WHAT YOU WILL DO:
Without the pictures, set down every line of the data exactly.

SUPPLIED DATA:
[Start of Attachment]

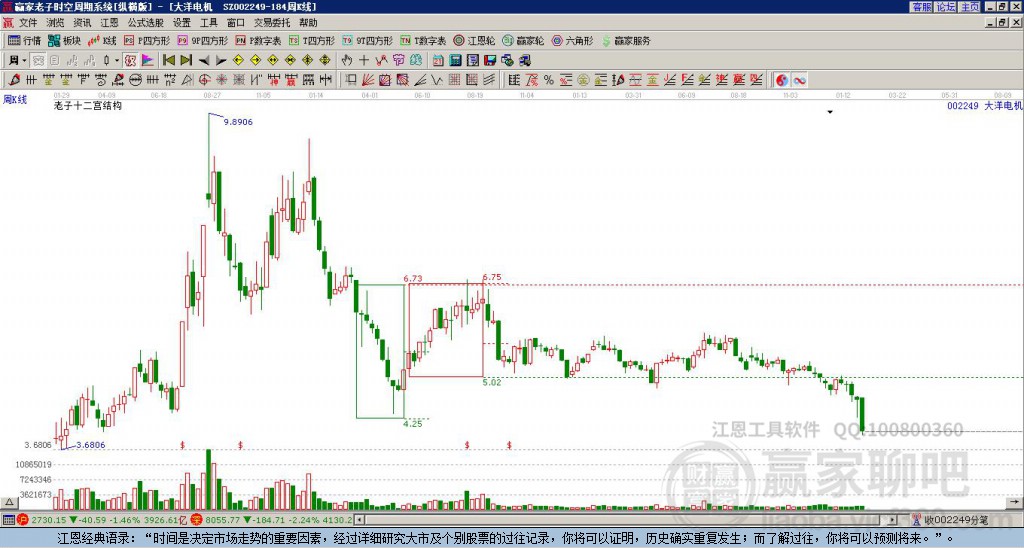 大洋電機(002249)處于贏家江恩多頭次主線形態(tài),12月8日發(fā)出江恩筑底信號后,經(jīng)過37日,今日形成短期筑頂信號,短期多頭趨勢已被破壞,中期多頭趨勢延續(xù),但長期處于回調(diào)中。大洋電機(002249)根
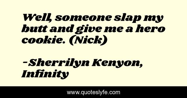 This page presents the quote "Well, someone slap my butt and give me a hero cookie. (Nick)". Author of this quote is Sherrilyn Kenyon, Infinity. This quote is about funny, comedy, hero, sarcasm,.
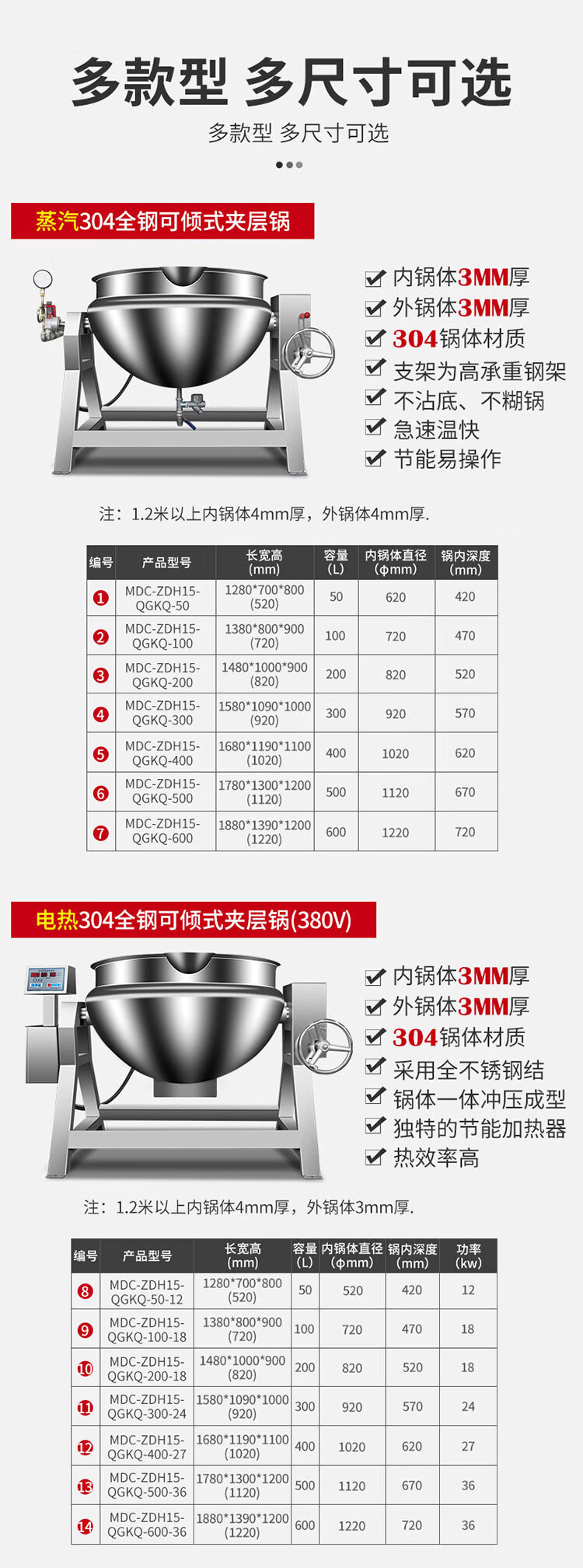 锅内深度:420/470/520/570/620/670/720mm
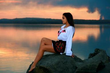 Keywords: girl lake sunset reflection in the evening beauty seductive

[End of Attachment]

COMPLETED TASK:
 大洋電機(002249)處于贏家江恩多頭次主線形態(tài),12月8日發(fā)出江恩筑底信號后,經(jīng)過37日,今日形成短期筑頂信號,短期多頭趨勢已被破壞,中期多頭趨勢延續(xù),但長期處于回調(diào)中。大洋電機(002249)根
 This page presents the quote "Well, someone slap my butt and give me a hero cookie. (Nick)". Author of this quote is Sherrilyn Kenyon, Infinity. This quote is about funny, comedy, hero, sarcasm,.
 锅内深度:420/470/520/570/620/670/720mm
 Keywords: girl lake sunset reflection in the evening beauty seductive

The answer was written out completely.